:: Task description ::
Task for the records below: repeat the line containing "Creaming A Dinky" and every line after it, exactly and with nothing else, but leave out the pictures.

Source records
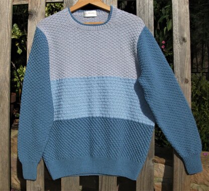 A classic shape, easy-to-wear unisex sweater in 3 different shades and 3 different stitches. Have fun with colour combinations!
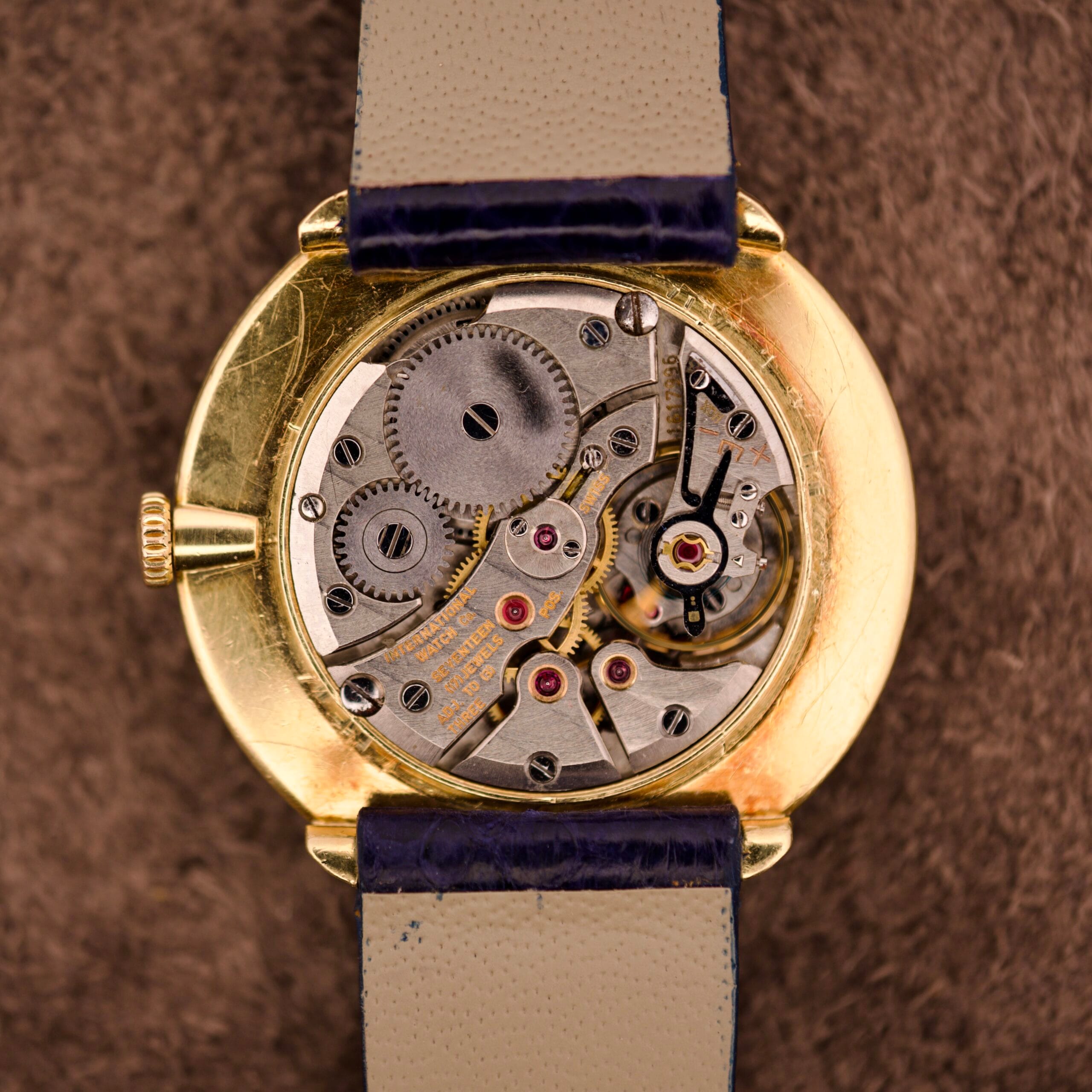 And what a dial it is. The original silver sunburst finish has aged with an honest and compelling character. It has developed a light, scattered “stardust” patina across its surface, giving it a unique personality that no modern watch can replicate. The simple, applied gold indices and slim stick hands are pristine, offering perfect legibility and a touch of warmth against the silvered face.
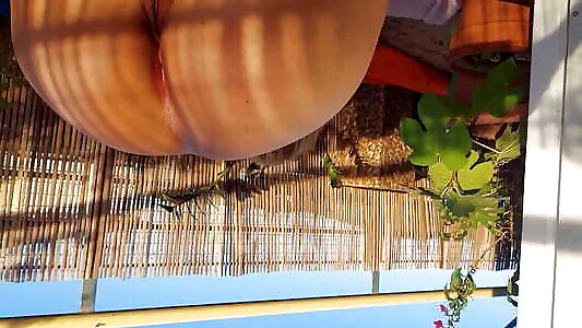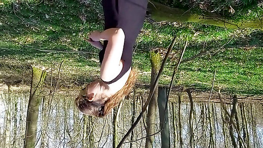 Creaming A Dinky Greedy Sandy-haired Cougar Outdoors
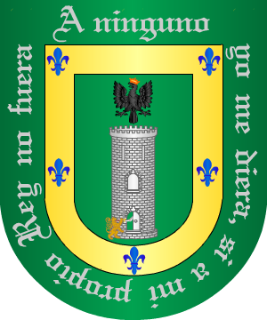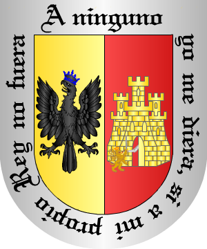 de oro, coronado del mismo metal y colocado bajo la puerta. Bordura de plata,
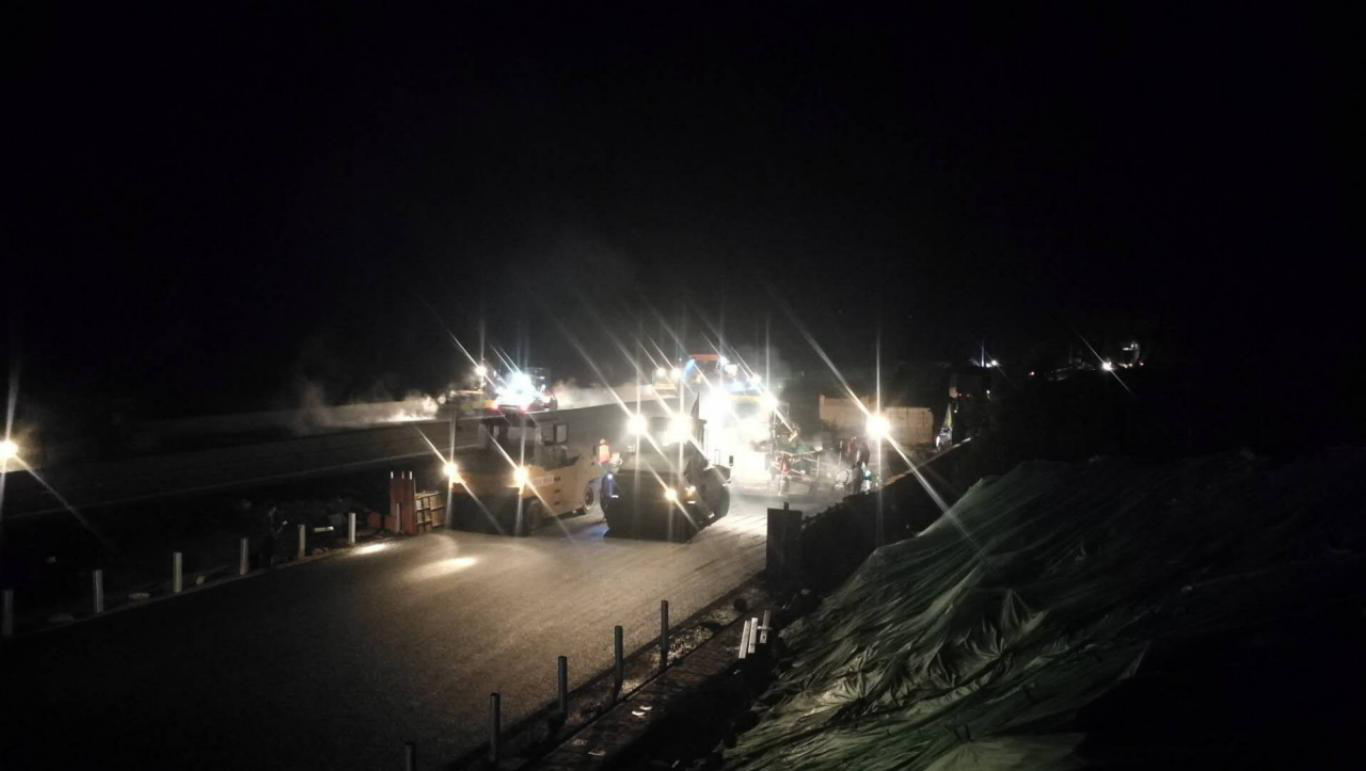 怀芷路面项目桐树溪大桥左右幅于12月15日晚间同时开始施工作业,左右幅你追我赶,现场一派热闹的景象;怀芷项目一号拌合站的第一车上面层沥青混合料也于12月16日凌晨4点发出前往施工现场......这昼夜不停,抢抓工期的景象仅仅是自11月以来24小时不间断施工中平凡的一天。怀芷路面项目现已火力全开,全线朝通车目标奋力冲刺。
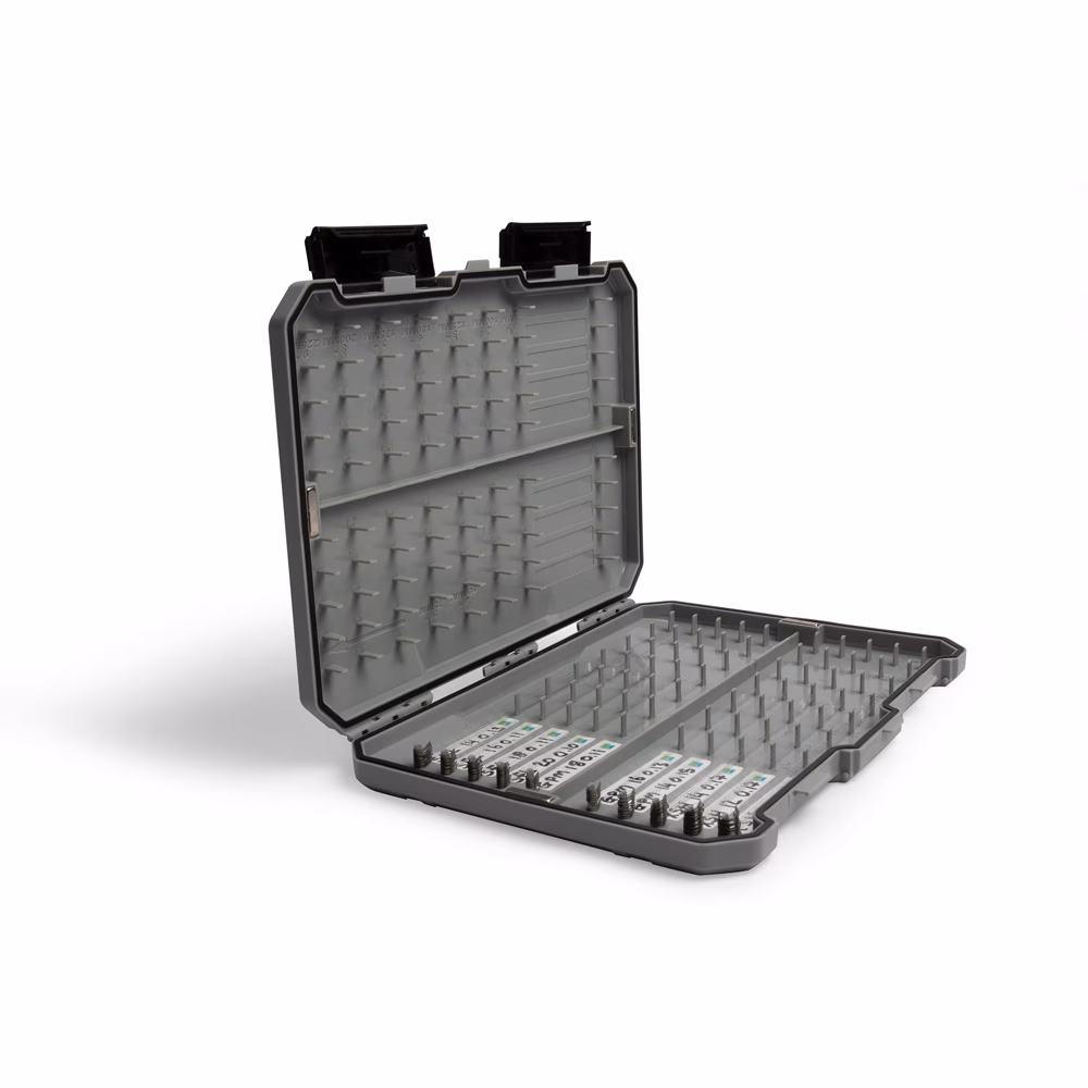 La boîte à crochet longue PRESTON INNOVATIONS Absolute All-Round est idéale pour stocker de grandes quantités de crochets longs de 3" (75 mm) à 9" (225 mm). La capacité est énorme avec la boîte longue à la cheville pouvant contenir jusqu'à 20 mailles. Il y a 20 positions disponibles pour les crochets longs plus longs jusqu'à 9", et 40 positions si les crochets longs mesurent 3" ou 4" de long, ce qui signifie que jusqu'à 800 crochets longs sont en stock. 3 ou 4". L'emballage vous aide à remplir l'eau de la bouteille. Il s'agit d'une sélection de deux clips et d'accessoires supplémentaires sur les bords. La boîte est fabriquée en plastique ABS ultra résistant et possède des broches fixes qui sont bien positionnées et ne peuvent pas tomber. Ce type de crochet est clairement identifiable sur les quatre étiquettes.
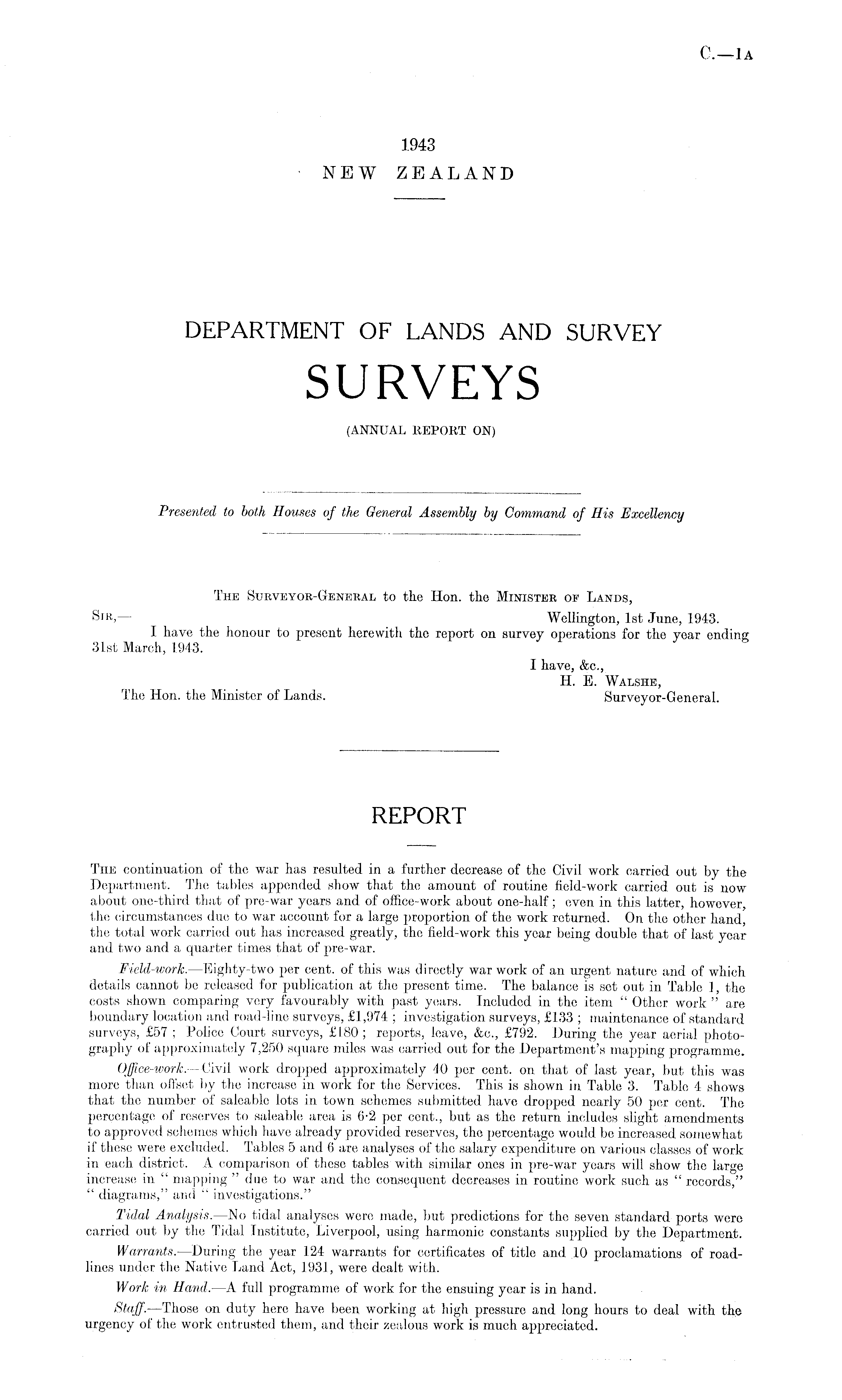 The Surveyor-General to the Hon. the Minister of Lands, Sir, — Wellington, Ist June, 1943. I have the honour to present herewith the report on survey operations for the year ending 31st March, 1943. I have, &c., H. E. Walshe, The Hon. the Minister of Lands. Surveyor-General.

:: Written answer ::
 Creaming A Dinky Greedy Sandy-haired Cougar Outdoors
 de oro, coronado del mismo metal y colocado bajo la puerta. Bordura de plata,
 怀芷路面项目桐树溪大桥左右幅于12月15日晚间同时开始施工作业,左右幅你追我赶,现场一派热闹的景象;怀芷项目一号拌合站的第一车上面层沥青混合料也于12月16日凌晨4点发出前往施工现场......这昼夜不停,抢抓工期的景象仅仅是自11月以来24小时不间断施工中平凡的一天。怀芷路面项目现已火力全开,全线朝通车目标奋力冲刺。
 La boîte à crochet longue PRESTON INNOVATIONS Absolute All-Round est idéale pour stocker de grandes quantités de crochets longs de 3" (75 mm) à 9" (225 mm). La capacité est énorme avec la boîte longue à la cheville pouvant contenir jusqu'à 20 mailles. Il y a 20 positions disponibles pour les crochets longs plus longs jusqu'à 9", et 40 positions si les crochets longs mesurent 3" ou 4" de long, ce qui signifie que jusqu'à 800 crochets longs sont en stock. 3 ou 4". L'emballage vous aide à remplir l'eau de la bouteille. Il s'agit d'une sélection de deux clips et d'accessoires supplémentaires sur les bords. La boîte est fabriquée en plastique ABS ultra résistant et possède des broches fixes qui sont bien positionnées et ne peuvent pas tomber. Ce type de crochet est clairement identifiable sur les quatre étiquettes.
 The Surveyor-General to the Hon. the Minister of Lands, Sir, — Wellington, Ist June, 1943. I have the honour to present herewith the report on survey operations for the year ending 31st March, 1943. I have, &c., H. E. Walshe, The Hon. the Minister of Lands. Surveyor-General.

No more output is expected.